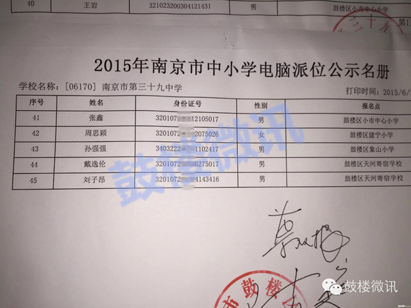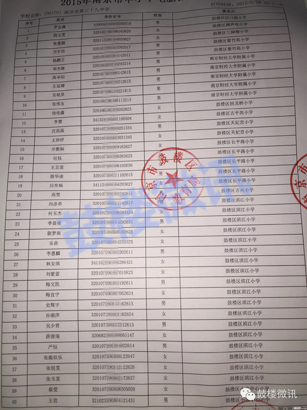 2015年南京小升初电脑派位,三十九中报名摇号142人,摇号录取45人,具体名单如下——
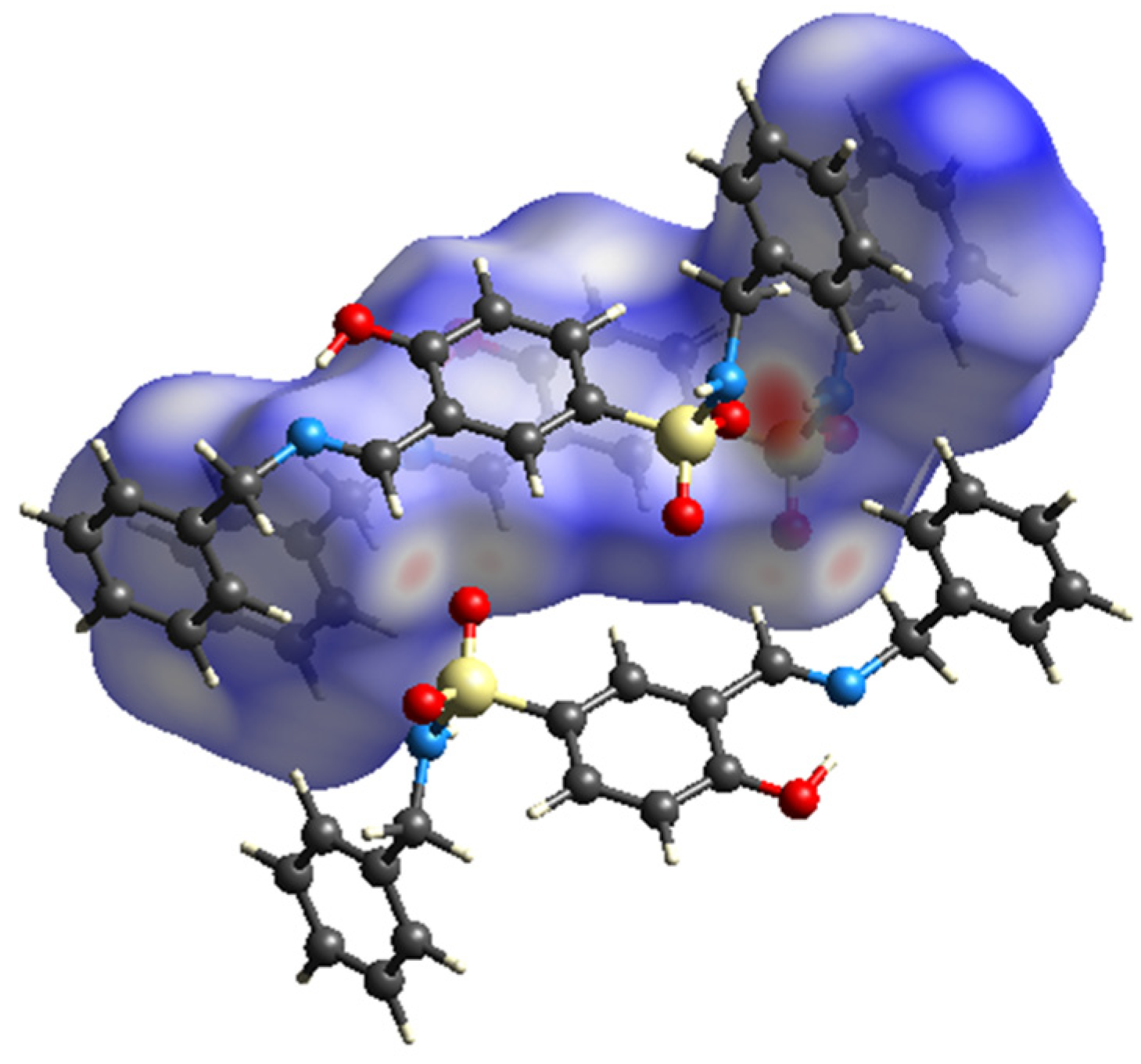 These calculations were performed with CrystalExplorer 21.5 software [17]. The Hirshfeld surfaces (HSs) were mapped as reported [18]. The Hirshfeld surfaces (HSs) [19], intermolecular interactions, and their reciprocal fingerprints [18,20] were determined as reported [21]. The energy components were calculated using the Gaussian 09 software [22] at the B3LYP/6-31G (d,p) theory, after applying the scale factors [23], the % contribution of the individual components to the stabilization energy was calculated. The energy distribution in the crystal network was depicted as frameworks [20,24] of Eelect, Edisp, and Etot in a 23 unit cells, and a 5.0 Å radius, with a tube size of 150 kJ mol−1, and a cut-off value of 10 kJ mol−1.
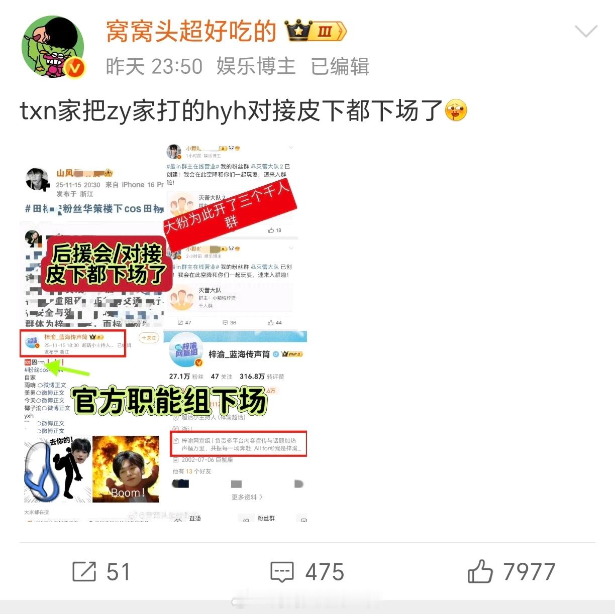 梓渝官方后援会和对接皮下都下场是不是代表最少两点:被打的没招儿了,官方授意下场。
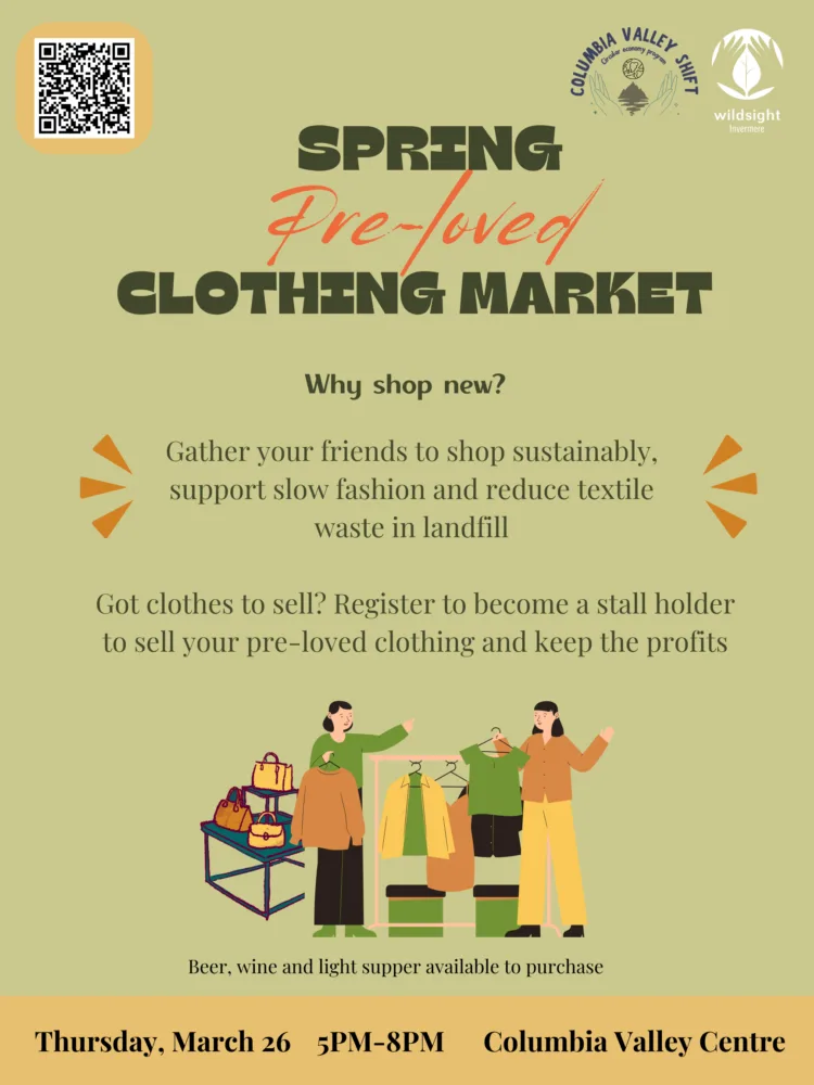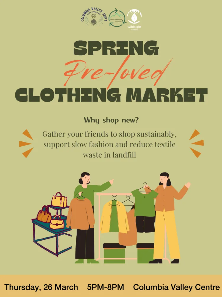 The Spring Pre-loved Clothing Market is a place to keep textiles out of landfill and keep good quality items in circulation in the Columbia Valley. Shop unique, affordable pre-loved fashion — good for your wardrobe, better for the planet. A space to connect to community, enjoy a variety of clothing, drinks, and good vibes.
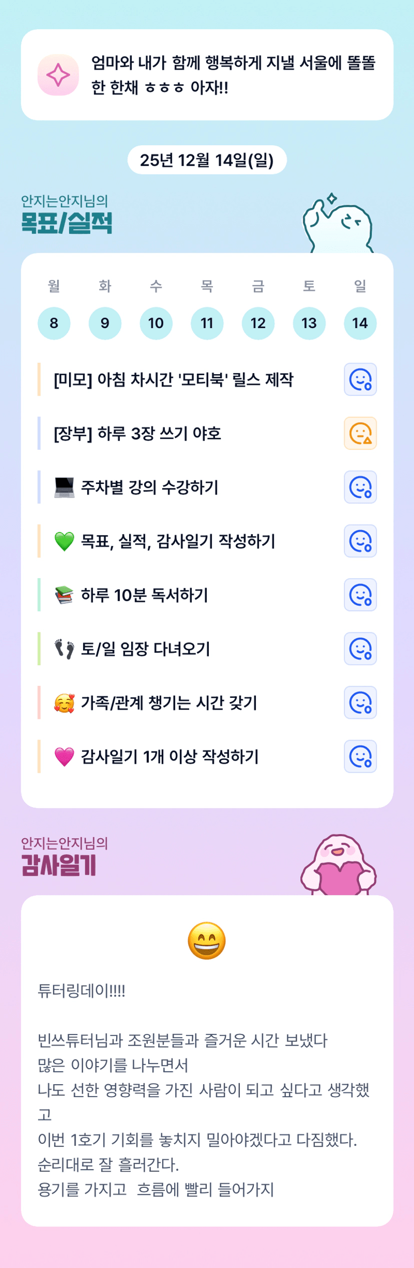 추후 튜터가 되실 안지는 안지님 응원합니다! 충분히 해내실 분💕 선한 영향력은 이미 있으셔요 🤗☺️

◇ ◇ ◇ ◇

■ Work to complete
Each entry needs to be returned verbatim, with its pictures left out.

■ Answer for the task
 2015年南京小升初电脑派位,三十九中报名摇号142人,摇号录取45人,具体名单如下——
 These calculations were performed with CrystalExplorer 21.5 software [17]. The Hirshfeld surfaces (HSs) were mapped as reported [18]. The Hirshfeld surfaces (HSs) [19], intermolecular interactions, and their reciprocal fingerprints [18,20] were determined as reported [21]. The energy components were calculated using the Gaussian 09 software [22] at the B3LYP/6-31G (d,p) theory, after applying the scale factors [23], the % contribution of the individual components to the stabilization energy was calculated. The energy distribution in the crystal network was depicted as frameworks [20,24] of Eelect, Edisp, and Etot in a 23 unit cells, and a 5.0 Å radius, with a tube size of 150 kJ mol−1, and a cut-off value of 10 kJ mol−1.
 梓渝官方后援会和对接皮下都下场是不是代表最少两点:被打的没招儿了,官方授意下场。
 The Spring Pre-loved Clothing Market is a place to keep textiles out of landfill and keep good quality items in circulation in the Columbia Valley. Shop unique, affordable pre-loved fashion — good for your wardrobe, better for the planet. A space to connect to community, enjoy a variety of clothing, drinks, and good vibes.
 추후 튜터가 되실 안지는 안지님 응원합니다! 충분히 해내실 분💕 선한 영향력은 이미 있으셔요 🤗☺️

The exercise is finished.